Material to process.
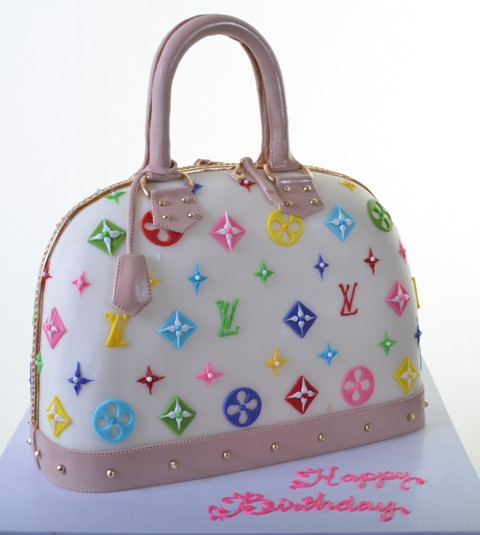 One can hardly go wrong with Louis Vuitton. Louis Vuitton is one of the world’s leading international fashion houses; founded in 1854, the label’s LV monogram appears on most of its products, ranging from luxury trunks and leather goods to ready-to-wear, shoes, watches, jewelry, accessories, sunglasses, and books. Of late, the ladies’ handbags have become “the fashion accessory”, and can be seen virtually everywhere. This one has (“Beverly”) all the earmarks of the most popular models. Neutral colors form the background, and colorful variations of the LV logos add color and a carefree, breezy attitude. The detail of the stitching and the brass hardware are impeccable and reflect the craftsmanship of the brand, succinctly. I suspect that the guest of honor will not even wish this beautiful piece to be cut!
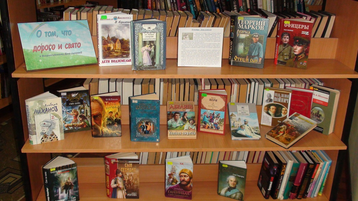 В рамках празднования 22 ноября Дня сыновей на абонементе отдела обслуживания была подготовлена книжная выставка «О том, что дорого и свято». На выставке представлены художественные произведения, где главным героем является сын. Все желающие могут посетить книжную выставку и познакомиться с такими известными рассказами, повестями, романами, как «Лето господнее» И. Шмелева, «Отец и сын» Г. Маркова, «Офицеры» Б. Васильева, «Старший сын» А. Вампилова, «Человек-Амфибия» А. Беляева, «Дети капитана Гранта» Ж. Верна и многими другими.
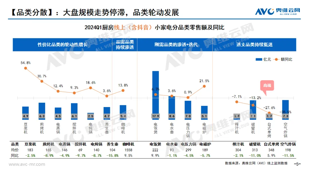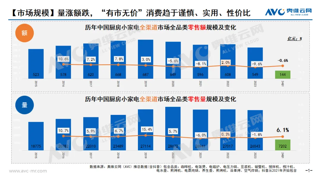 2024年一季度落下帷幕,小家电行业在“风雨飘摇”中表现出较强韧性,奥维云网(AVC)2024年一季度全渠道推总数据显示,厨房小家电(包含品类:咖啡机、电饭煲、电磁炉、电压力锅、豆浆机、破壁机、搅拌机、榨汁机、电水壶、煎烤机、电蒸炖锅、养生壶、煎烤机、台式单功能小烤箱、空气炸锅)整体零售额144亿元,同比下降0.6%;零售量7202万台,同比上涨6.1%;均价200元,同比下降6.3%。戳→奥维数据罗盘受到近年来环境影响,贫富差距在我国改善,进度相对不佳,高收入群体钱多没处花,中高收入群体有钱不愿花,而对于中低收入的群体钱少不敢花,最后对于低收入群体而言则是无钱可以花,故而言之在2024年来看,我们会发现消费者对于性价比的极致追求相比2023年展现的更为淋漓尽致。从而从整个小家电行业来看会呈现均价大幅下跌的情况。
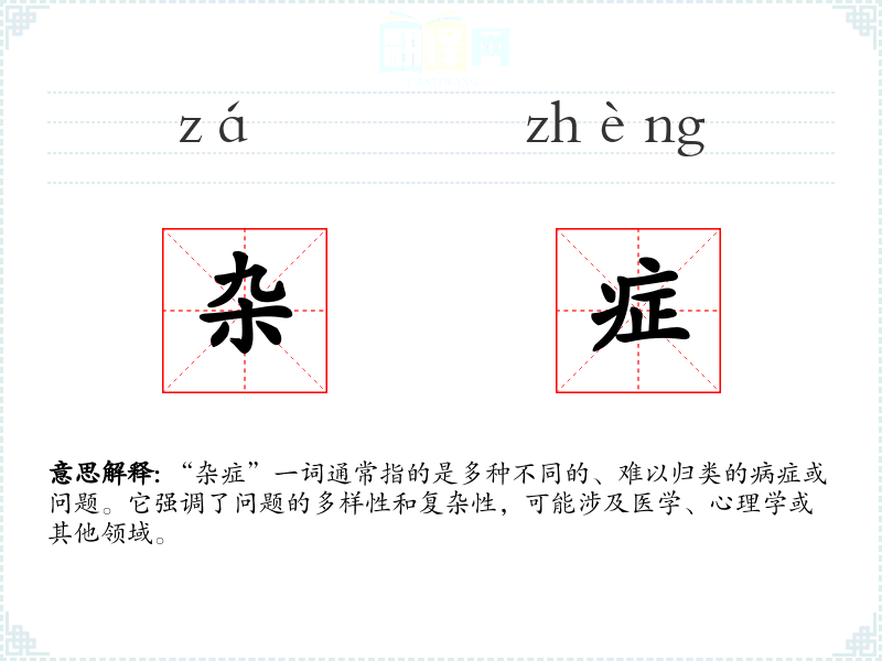 - 医学领域:在医学中,“杂症”可能指患者同时患有多种不同的疾病或症状,这些症状可能相互关联,也可能独立存在。
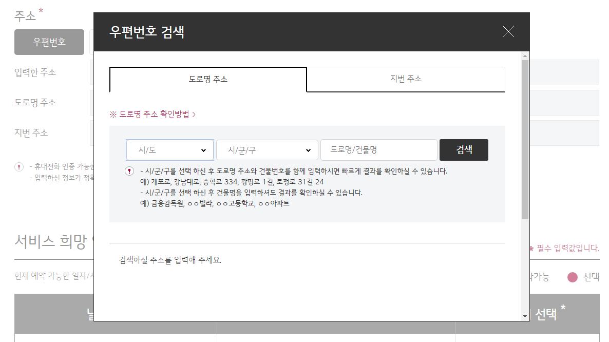그리고 주소를 기입하여 휘센 에어컨 서비스센터 서비스 희망 날짜를 선택하실 수 있는데요. 해당 지역의 엔지니어의 스케쥴에 따라서 예약이 가능한 일자와 날짜를 잘 선택하시기 바랍니다.
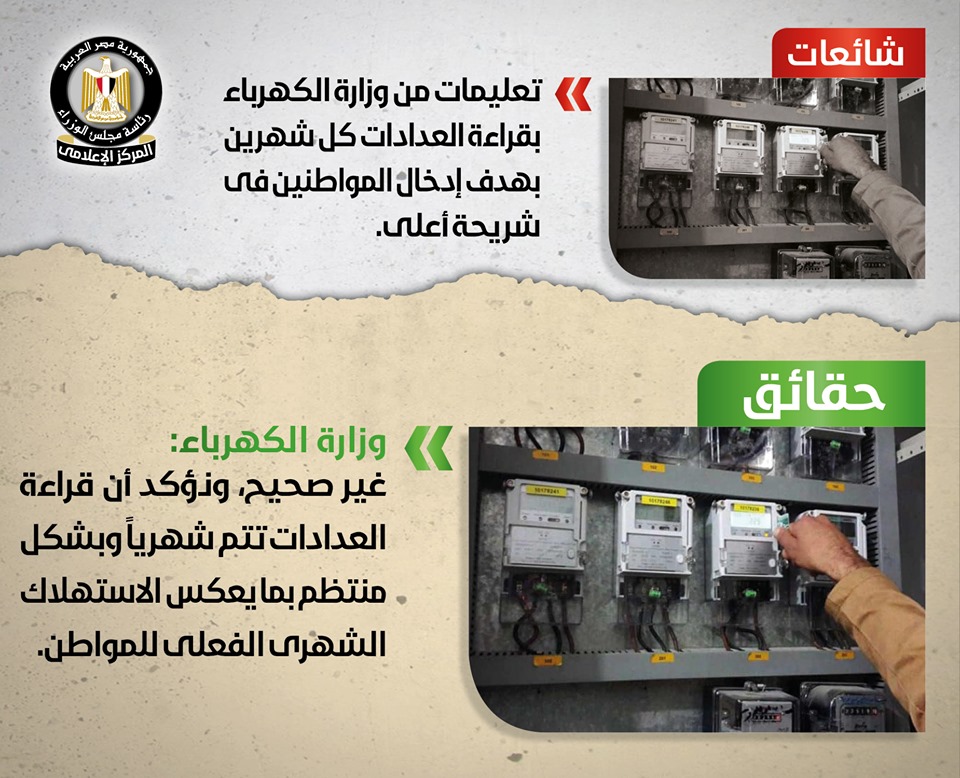 تداولت بعض وسائل الإعلام وصفحات التواصل الاجتماعي أنباء حول إصدار تعليمات من وزارة الكهرباء للمحصلين بقراءة العدادات كل شهرين بهدف إدخال المواطنين في شريحة أعلى للكهرباء، وقد قام المركز الإعلامي لمجلس الوزراء بالتواصل مع وزارة الكهرباء والطاقة المتجددة, والتي نفت تلك الأنباء بشكل قاطع، مُؤكدةً أنه لا صحة لما تردد حول إصدار تعليمات من وزارة الكهرباء للمحصلين بقراءة العدادات كل شهرين، مُوضحةً أن قراءة العدادات تتم شهرياً وبشكل منتظم بما يعكس الاستهلاك الشهري الفعلي للمواطن، وأن كل ما يُثار في هذا الشأن مجرد شائعات تستهدف إثارة غضب المواطنين.
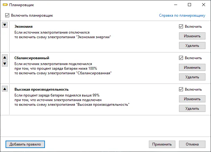 Использование Battery Mode не требует специальных знаний. После установки утилита запускается автоматически и размещает свой значок в области уведомлений. Клик по нему открывает главное окно с переключателями режимов питания и ползунком регулировки яркости. Пользователь может настроить отображение процента заряда, изменить стиль значка в зависимости от темы системы, а также задать действие по умолчанию для кнопки в нижней части интерфейса. Через вкладку «Планировщик» можно создавать правила, срабатывающие при подключении зарядного устройства, переходе в сон или изменении состояния экрана. Для тех, кто предпочитает автоматизацию, доступны параметры командной строки, позволяющие встраивать Battery Mode в сторонние скрипты.
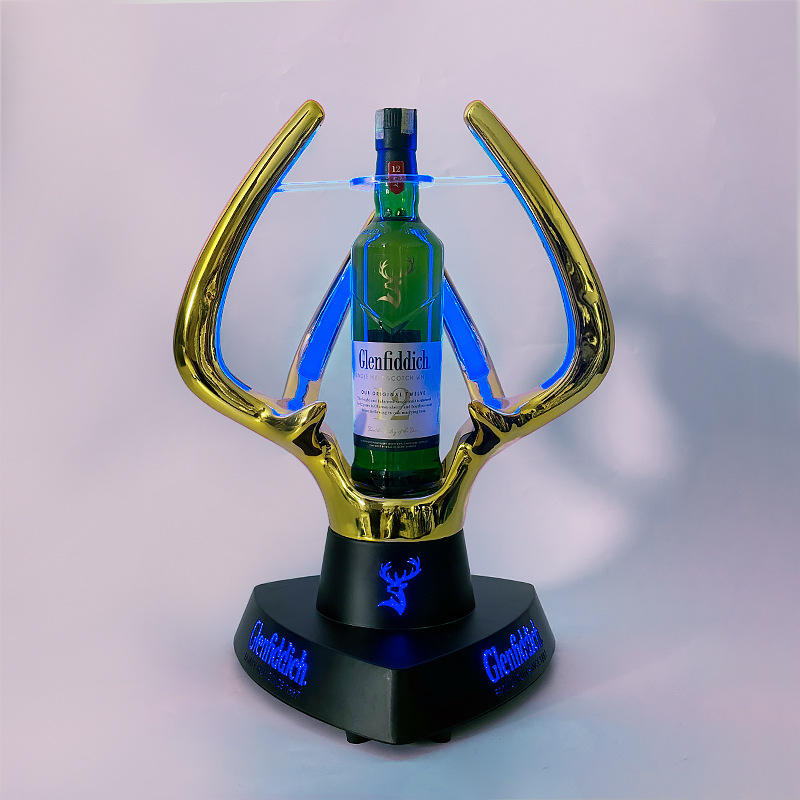 3D print resin plastic gold LED Light Glowing champagne whiskey Bottle Glorifier VIP service display Presenter for rum vodka
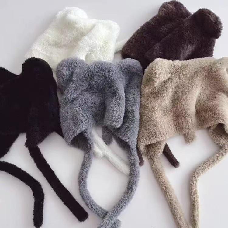 Children's Cute Kitten Ear Muffs Hat - Plush, Knitted, Windproof, and Warm Solid Color Headwear
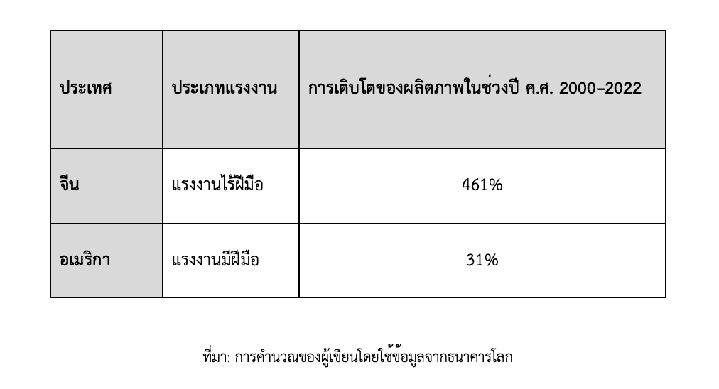 ตารางที่ 2 การเติบโตของผลิตภาพแรงงานในประเทศจีนเปรียบเทียบกับในสหรัฐอเมริกา
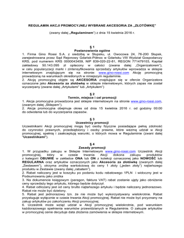 REGULAMIN AKCJI PROMOCYJNEJ WYBRANE AKCESORIA ZA „ZŁOTÓWKĘ” (zwany dalej „Regulaminem”) z dnia 15 kwietnia 2016 r. §1 Postanowienia ogólne 1. Firma Gino Rossi S.A. z siedzibą w Słupsku, ul. Owocowa 24, 76-200 Słupsk, zarejestrowana przez Sąd Rejonowy Gdańsk-Północ w Gdańsku VIII Wydział Gospodarczy KRS, pod numerem KRS 0000043459, NIP 839-020-22-81, REGON 771479103, Kapitał zakładowy 50.143.095 zł opłacony w całości (zwana dalej „Organizatorem”), w celu popularyzacji marki i zintensyfikowania sprzedaży artykułów wprowadza w sklepie internetowym znajdującym się na stronie: www.gino-rossi.com Akcję promocyjną prowadzoną na warunkach określonych w niniejszym regulaminie. 2. Akcją promocyjną objęte są AKCESORIA znajdujące się w ofercie Organizatora oznaczone jako Akcesoria za złotówkę w sklepie internetowym, których zapas nie został wyczerpany (zwane dalej „Artykułami” lub „Artykułem”) §2 Termin, miejsce i cel promocji 1. Akcja promocyjna prowadzona jest sklepie internetowym na stronie www.gino-rossi.com, (zwanym dalej „Sklepem”). 2. Akcja promocyjna obejmuje okres od dnia 15 kwietnia 2016 r. od godziny 00:00 do odwołania lub do wyczerpania zapasów. §3 Uczestnicy promocji Uczestnikami Akcji promocyjnej mogą być osoby fizyczne posiadające pełną zdolność do czynności prawnych, przedsiębiorcy i osoby prawne, które wezmą udział w Akcji promocyjnej, spełnią i zaakceptują warunki, o których mowa w Regulaminie (zwani dalej "Uczestnikami"). §4 Zasady promocji 1. W przypadku zakupu w Sklepie Internetowym www.gino-rossi.com Uczestnik Akcji promocyjnej, który w czasie trwania Akcji dokona zakupu produktów z kategorii OBUWIE w zakładce ONA lub ON z kolekcji oznaczonej jako NOWOŚĆ lub REGULARNA oraz artykułów oznaczonych jako Akcesoria za złotówkę (zwanych dalej „Zestawem”), otrzyma zniżkę wartościową do ceny 1 złoty („jeden złoty”) najtańszego produktu w Zestawie (zwany dalej „rabatem”). 2. Rabat naliczany jest w koszyku po podaniu kodu rabatowego 1PLN i widoczny jest w Podsumowaniu jako zniżka 3. Na dokumencie księgowym (paragon, faktura VAT) rabat zostanie ujęty jako obniżenie ceny sprzedaży tego artykułu, którego będzie dotyczył. 4. Rabat odliczany jest od ceny brutto najtańszego artykułu i będzie naliczany jednorazowo. Rabat nie może być dzielony. 5. Rabat jest jednorazowy tzn. że nie może być wykorzystywany wielokrotnie. Rabat przysługuje wyłącznie w czasie trwania Akcji promocyjnej. Rabat nie może być przyznany na zakup artykułów po zakończeniu Akcji promocyjnej. 6. Uczestnik może wziąć udział w Akcji promocyjnej wielokrotnie, pod warunkiem każdorazowego spełnienia warunków przewidzianych w Regulaminie. O zakupie artykułów w promocyjnej cenie decyduje data złożenia zamówienia w sklepie internetowym. 7. Uczestnikom Akcji promocyjnej nie przysługuje prawo do otrzymania ekwiwalentu pieniężnego w wysokości rabatu. 8. Akcja promocyjna, w tym rabat, nie mogą być łączone z innymi Akcjami promocyjnymi w tym z rabatami uzyskiwanymi w ramach programu lojalnościowego Klubu Gino Rossi. §5 Odpowiedzialność 1. Odpowiedzialność Organizatora wobec Uczestnika z tytułu roszczeń związanych z uprawnieniami przyznanymi Uczestnikowi w Regulaminie ograniczona jest do wysokości ceny artykułu uwzględniającej rabat, do którego Uczestnik nabył prawo w trakcie Akcji promocyjnej i którego to artykułu roszczenie dotyczy. 2. Powyższe ograniczenie nie wyłącza uprawnień przyznanych Uczestnikom na mocy przepisów prawa powszechnie obowiązujących. §6 Reklamacje i odstąpienie od umowy 1. Reklamacje Uczestników dotyczące sposobu przeprowadzenia Akcji promocyjnej powinny być zgłaszane w trakcie trwania Akcji promocyjnej oraz w ciągu 14 dni od jej zakończenia pod adresem email: [email protected] z adnotacją "Reklamacja” lub pod numerem Infolinii : +48 59 727 98 48 * (opłata zgodnie z taryfą operatora). 2. Reklamacje powinny zawierać dopisek „Reklamacja” oraz powinny zawierać imię i nazwisko Uczestnika, Jego adres zamieszkania, kopię dowodu zakupu oraz dokładny opis stanu faktycznego będącego przyczyną złożenia reklamacji. 3. Postępowanie reklamacyjne, o którym stanowi ust. 1 i 2, trwa 14 dni od daty wpłynięcia reklamacji. Uczestnik zostanie powiadomiony o rozpatrzeniu reklamacji przez Organizatora telefonicznie lub za pośrednictwem poczty elektronicznej stosownie do formy, w jakiej Uczestnik złożył reklamację. Po wyczerpaniu postępowania reklamacyjnego Uczestnik jest uprawniony do dochodzenia swoich roszczeń na drodze postępowania sądowego. 4. Organizator nie ponosi odpowiedzialności za zmianę podanego przez Uczestnika adresu do korespondencji, jak również za zmiany innych danych uniemożliwiające prawidłowe zawiadomienie Uczestnika. Uczestnicy, których dane uległy zmianie po podaniu ich do wiadomości Organizatora, są zobowiązani niezwłocznie powiadomić o ww. zmianie oraz podać nowe dane, jeśli zmiana danych uniemożliwia doręczenie korespondencji bądź kontakt z Uczestnikiem. 5. Uczestnikowi, który dokonał zakupu w ramach Akcji promocyjnej w sklepie internetowym www.gino-rossi.com przysługuje prawo odstąpienia od umowy sprzedaży zgodnie z zasadami określonymi w Regulaminie Sklepu Internetowego. W przypadku odstąpienia od umowy sprzedaży w całości (odpowiednio, co do dwóch lub więcej artykułów) albo w części (odpowiednio co do jednego artykułu lub więcej artykułów) Uczestnik zobowiązany jest zwrócić artykuły, których odstąpienie dotyczy. W przypadku odstąpienia od umowy sprzedaży w całości Organizator zwróci Uczestnikowi zapłaconą cenę (uwzględniającą udzielony rabat). W przypadku, odstąpienia od umowy sprzedaży w części obejmującej produkt, na który udzielono rabatu, Organizator zwróci Uczestnikowi cenę tego artykułu uwzględniającą udzielony rabat. W
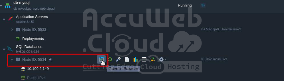 You can also access phpMyAdmin directly from your database environment. Simply click on the “Open in Browser” icon next to your Node.
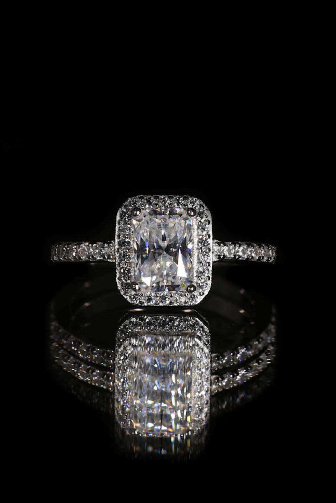Baguette άχρωμος μοϊσανίτης δεμένος σε σκελετό από ασήμι 925. GM: 2.55 CRT 1.00 Πιστοποίηση GRA
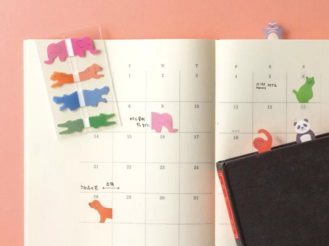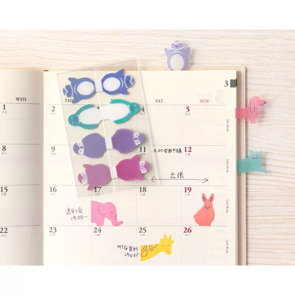 貼在筆記本或手帳上作為翻頁的索引,看到小動物們半身躲藏在紙頁間,
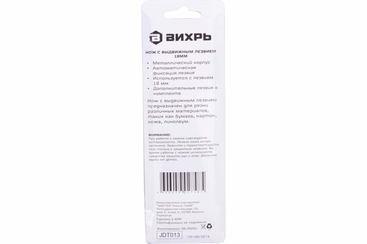 Нож Вихрь с выдвижным лезвием 18мм 73/10/10/4
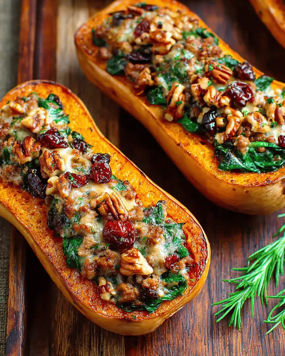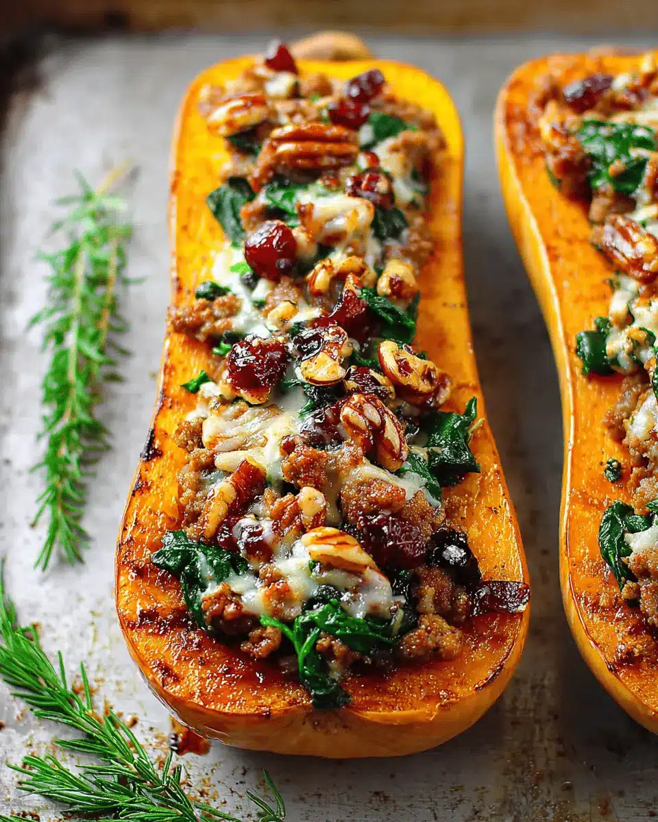 Sausage Stuffed Butternut Squash with Spinach, Pecans, and Cranberries
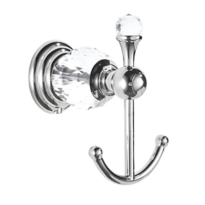 BATHSIR Polished Chrome Alloy Towel Hook,Modern Silver Crystal Coat Robe Hook Wall Mounted
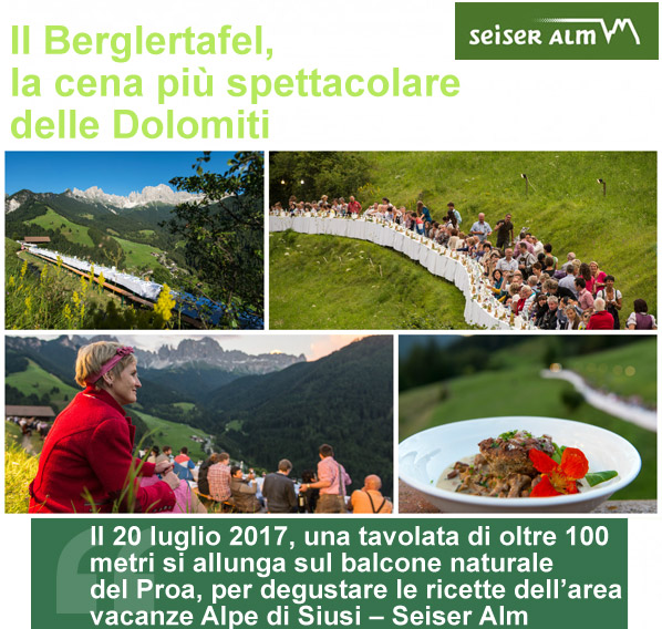 A caccia di cene originali? Tra le Dolomiti (Patrimonio Mondiale UNESCO) ce n’è una che le batte tutte, non solo per originalità, ma anche per lo spettacolo naturale unico che offre ai suoi commensali. È la tradizione del Berglertafel, la Cena del Montanaro di Tires al Catinaccio, nell’area vacanze Alpe di Siusi – Seiser Alm, che quest’anno viene apparecchiata il 20 luglio 2017, rispettando l’usanza del terzo giovedì del mese. Una lunga tavolata imbandita di ricette tipiche di Tires permette ai 170 invitati di degustare le prelibatezze locali al cospetto del tramonto sulle vette dolomitiche. La tavola, di oltre cento metri di lunghezza, è allestita in una posizione speciale: sul belvedere naturale del Proa, un alpeggio che si affaccia sul Catinaccio e consente di ammirare i colori dell’enrosadira da un punto di vista esclusivo. Il menu di 5 portate è squisito, i calici si innalzano al cielo d’estate sullo sfondo di un paesaggio senza tempo e l’atmosfera conviviale è di quelle indimenticabili.

Task brief.
For this task, return exactly the stretch of the listing above from the line with "Baguette άχρωμος μοϊσανίτης" through the line with "Sausage Stuffed Butternut", inclusive and without pictures.

Result below.
Baguette άχρωμος μοϊσανίτης δεμένος σε σκελετό από ασήμι 925. GM: 2.55 CRT 1.00 Πιστοποίηση GRA
 貼在筆記本或手帳上作為翻頁的索引,看到小動物們半身躲藏在紙頁間,
 Нож Вихрь с выдвижным лезвием 18мм 73/10/10/4
 Sausage Stuffed Butternut Squash with Spinach, Pecans, and Cranberries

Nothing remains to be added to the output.